Distributionally robust neural networks for group shifts

Overview

Distributionally Robust Neural Networks for Group Shifts: On the Importance of Regularization for Worst-Case Generalization

This code implements the group DRO algorithm from the following paper:

Shiori Sagawa*, Pang Wei Koh*, Tatsunori Hashimoto, and Percy Liang

Distributionally Robust Neural Networks for Group Shifts: On the Importance of Regularization for Worst-Case Generalization

The experiments use the following datasets:

For an executable, Dockerized version of the experiments in these paper, please see our Codalab worksheet.

Abstract

Overparameterized neural networks can be highly accurate on average on an i.i.d. test set yet consistently fail on atypical groups of the data (e.g., by learning spurious correlations that hold on average but not in such groups). Distributionally robust optimization (DRO) allows us to learn models that instead minimize the worst-case training loss over a set of pre-defined groups. However, we find that naively applying group DRO to overparameterized neural networks fails: these models can perfectly fit the training data, and any model with vanishing average training loss also already has vanishing worst-case training loss. Instead, their poor worst-case performance arises from poor generalization on some groups. By coupling group DRO models with increased regularization---stronger-than-typical L2 regularization or early stopping---we achieve substantially higher worst-group accuracies, with 10-40 percentage point improvements on a natural language inference task and two image tasks, while maintaining high average accuracies. Our results suggest that regularization is critical for worst-group generalization in the overparameterized regime, even if it is not needed for average generalization. Finally, we introduce and give convergence guarantees for a stochastic optimizer for the group DRO setting, underpinning the empirical study above.

Prerequisites

  • python 3.6.8
  • matplotlib 3.0.3
  • numpy 1.16.2
  • pandas 0.24.2
  • pillow 5.4.1
  • pytorch 1.1.0
  • pytorch_transformers 1.2.0
  • torchvision 0.5.0a0+19315e3
  • tqdm 4.32.2

Datasets and code

To run our code, you will need to change the root_dir variable in data/data.py. The main point of entry to the code is run_expt.py. Below, we provide sample commands for each dataset.

CelebA

Our code expects the following files/folders in the [root_dir]/celebA directory:

  • data/list_eval_partition.csv
  • data/list_attr_celeba.csv
  • data/img_align_celeba/

You can download these dataset files from this Kaggle link. The original dataset, due to Liu et al. (2015), can be found here. The version of the CelebA dataset that we use in the paper (with the (hair, gender) groups) can also be accessed through the WILDS package, which will automatically download the dataset.

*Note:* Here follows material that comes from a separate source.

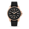 La cassa da 43 mm in acciaio color oro rosa, con finitura lucida e satinata, ospita un quadrante nero essenziale con datario al 3, protetto da vetro zaffiro antiriflesso.

A sample command to run group DRO on CelebA is: python run_expt.py -s confounder -d CelebA -t Blond_Hair -c Male --lr 0.0001 --batch_size 128 --weight_decay 0.0001 --model resnet50 --n_epochs 50 --reweight_groups --robust --gamma 0.1 --generalization_adjustment 0

Waterbirds

The Waterbirds dataset is constructed by cropping out birds from photos in the Caltech-UCSD Birds-200-2011 (CUB) dataset (Wah et al., 2011) and transferring them onto backgrounds from the Places dataset (Zhou et al., 2017).

Our code expects the following files/folders in the [root_dir]/cub directory:

  • data/waterbird_complete95_forest2water2/

You can download a tarball of this dataset here. The Waterbirds dataset can also be accessed through the WILDS package, which will automatically download the dataset.

A sample command to run group DRO on Waterbirds is: python run_expt.py -s confounder -d CUB -t waterbird_complete95 -c forest2water2 --lr 0.001 --batch_size 128 --weight_decay 0.0001 --model resnet50 --n_epochs 300 --reweight_groups --robust --gamma 0.1 --generalization_adjustment 0

Note that compared to the training set, the validation and test sets are constructed with different proportions of each group. We describe this in more detail in Appendix C.1 of our paper, which we reproduce here for convenience:

We use the official train-test split of the CUB dataset, randomly choosing 20% of the training data to serve as a validation set. For the validation and test sets, we allocate distribute landbirds and waterbirds equally to land and water backgrounds (i.e., there are the same number of landbirds on land vs. water backgrounds, and separately, the same number of waterbirds on land vs. water backgrounds). This allows us to more accurately measure the performance of the rare groups, and it is particularly important for the Waterbirds dataset because of its relatively small size; otherwise, the smaller groups (waterbirds on land and landbirds on water) would have too few samples to accurately estimate performance on. We note that we can only do this for the Waterbirds dataset because we control the generation process; for the other datasets, we cannot generate more samples from the rare groups.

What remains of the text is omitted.